# ResNet Model: 
1. Multi-Label Stratified K-Fold
    - Multi-label imbalance handled: All rare diseases are proportionally represented.
    - View imbalance handled: Each fold has close to the same Frontal/Lateral distribution.
    - Sex & Age: Since they’re balanced already, we don’t need to augment stratification with them.

2. Data Generator: (train ML model in batches to increase time efficiency, since training data >100gb)

3. ResNet Model: fine tuned and pre-trained

4. Train Model & Evaluate

Problems and Solutions:
- No internet pip loading in kaggle, couldn't load iterstat or imagenet pretrained weights for MultiLabelKfold Stratify and using pretrained weights for my ResNet model. **Solution**: Load iterstat package manually from github and use. Load resnet50 pretrained weights manually from keras into kaggle and load weights into resnet model.
- fixed by verifying phone number on kaggle, now i can load iterstrat and imagenet pretrained weights


In [2]:
# Imports
import matplotlib.pyplot as plt
import seaborn as sns
import pandas as pd
import numpy as np
import matplotlib.image as mpimg
import random
import tensorflow as tf
from tensorflow.keras import layers, models
from tensorflow.keras.preprocessing.image import ImageDataGenerator
from sklearn.metrics import roc_auc_score
from sklearn.model_selection import train_test_split
from tensorflow.keras.models import Sequential
from tensorflow.keras.layers import Conv2D, MaxPooling2D, Flatten, Dense, Dropout
from tensorflow.keras.optimizers import Adam
from tensorflow.keras.utils import Sequence
import cv2
import os
import sys
from io import StringIO
from tensorflow.keras.models import Model
from tensorflow.keras.layers import Dense, Dropout, GlobalAveragePooling2D
from tensorflow.keras.optimizers import Adam
from tensorflow.keras.utils import Sequence
import tensorflow.keras.applications.resnet50 as resnet
import warnings
warnings.filterwarnings('ignore')

In [3]:
print(os.listdir("/kaggle/input"))

# Path to competition dataset
data_dir = "/kaggle/input/grand-xray-slam-division-b"
# Check what files are inside
print('Filenames of the data', os.listdir(data_dir))
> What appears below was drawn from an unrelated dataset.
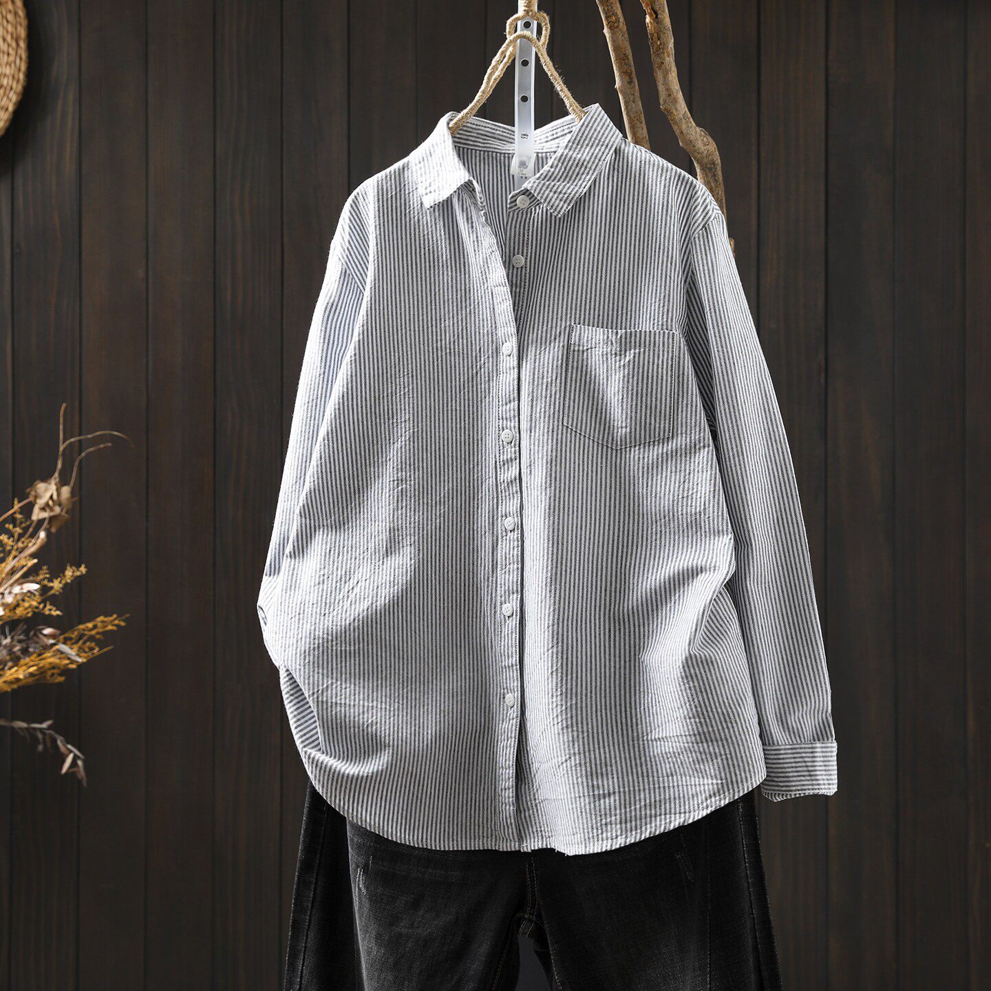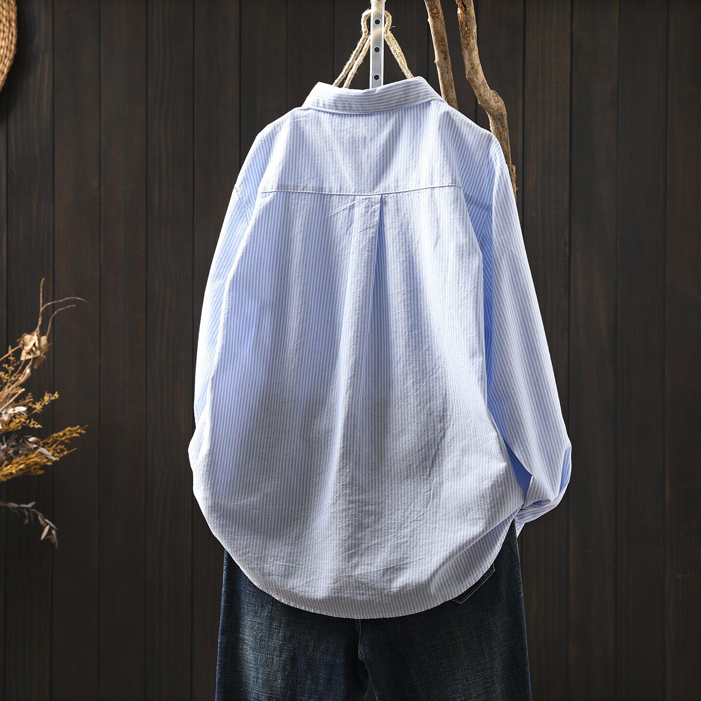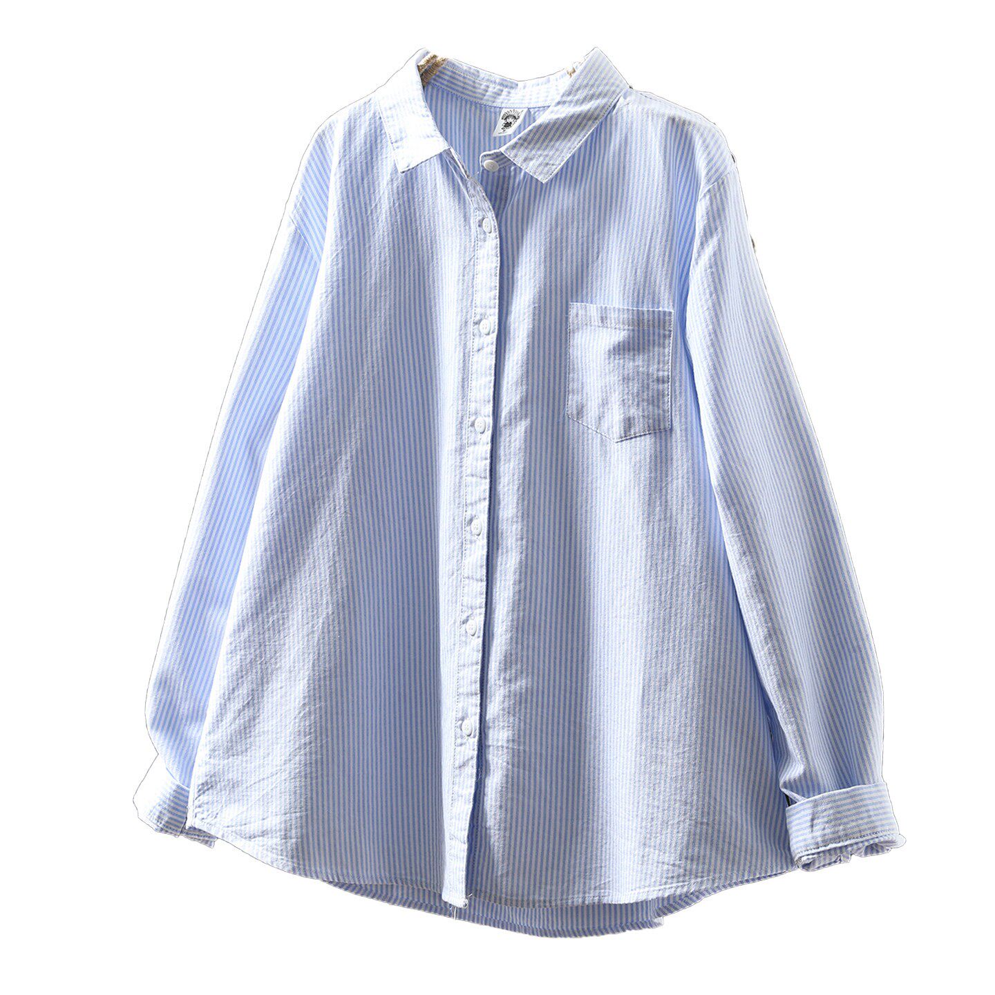条纹蓝色衬衫内搭叠穿女款2026新款爆款春季长袖翻领纯棉打底上衣

['newresnet', 'iterstat', 'resnet-pretrainedmodel', 'grand-xray-slam-division-b']
Filenames of the data ['test2', 'sample_submission_2.csv', 'train2.csv', 'train2']


In [4]:
# Load the training CSV metadata with labels
train = pd.read_csv("/kaggle/input/grand-xray-slam-division-b/train2.csv")

print('Metadata shape:',train.shape)
train.head()

Metadata shape: (108494, 21)


Unnamed: 0,Image_name,Patient_ID,Study,Sex,Age,ViewCategory,ViewPosition,Atelectasis,Cardiomegaly,Consolidation,...,Enlarged Cardiomediastinum,Fracture,Lung Lesion,Lung Opacity,No Finding,Pleural Effusion,Pleural Other,Pneumonia,Pneumothorax,Support Devices
0,00000003_001_001.jpg,3,1,Male,41.0,Frontal,AP,0,1,0,...,1,0,0,1,0,0,0,0,0,0
1,00000004_001_001.jpg,4,1,Female,20.0,Frontal,PA,0,0,0,...,0,0,0,0,1,0,0,0,0,0
2,00000004_001_002.jpg,4,1,Female,20.0,Lateral,Lateral,0,0,0,...,0,0,0,0,1,0,0,0,0,0
3,00000006_001_001.jpg,6,1,Female,42.0,Frontal,AP,0,0,0,...,0,0,0,0,1,0,0,0,0,0
4,00000010_001_001.jpg,10,1,Female,50.0,Frontal,PA,0,0,0,...,0,0,0,0,1,0,0,0,0,0


In [5]:
# 1. Feature & Target Preperation
# Define labels
conditions = [
    'Atelectasis', 'Cardiomegaly', 'Consolidation', 'Edema', 'Enlarged Cardiomediastinum',
    'Fracture', 'Lung Lesion', 'Lung Opacity', 'No Finding', 'Pleural Effusion',
    'Pleural Other', 'Pneumonia', 'Pneumothorax', 'Support Devices'
]
# Features you want
features = ["ViewCategory", "ViewPosition", "Age", "Sex"]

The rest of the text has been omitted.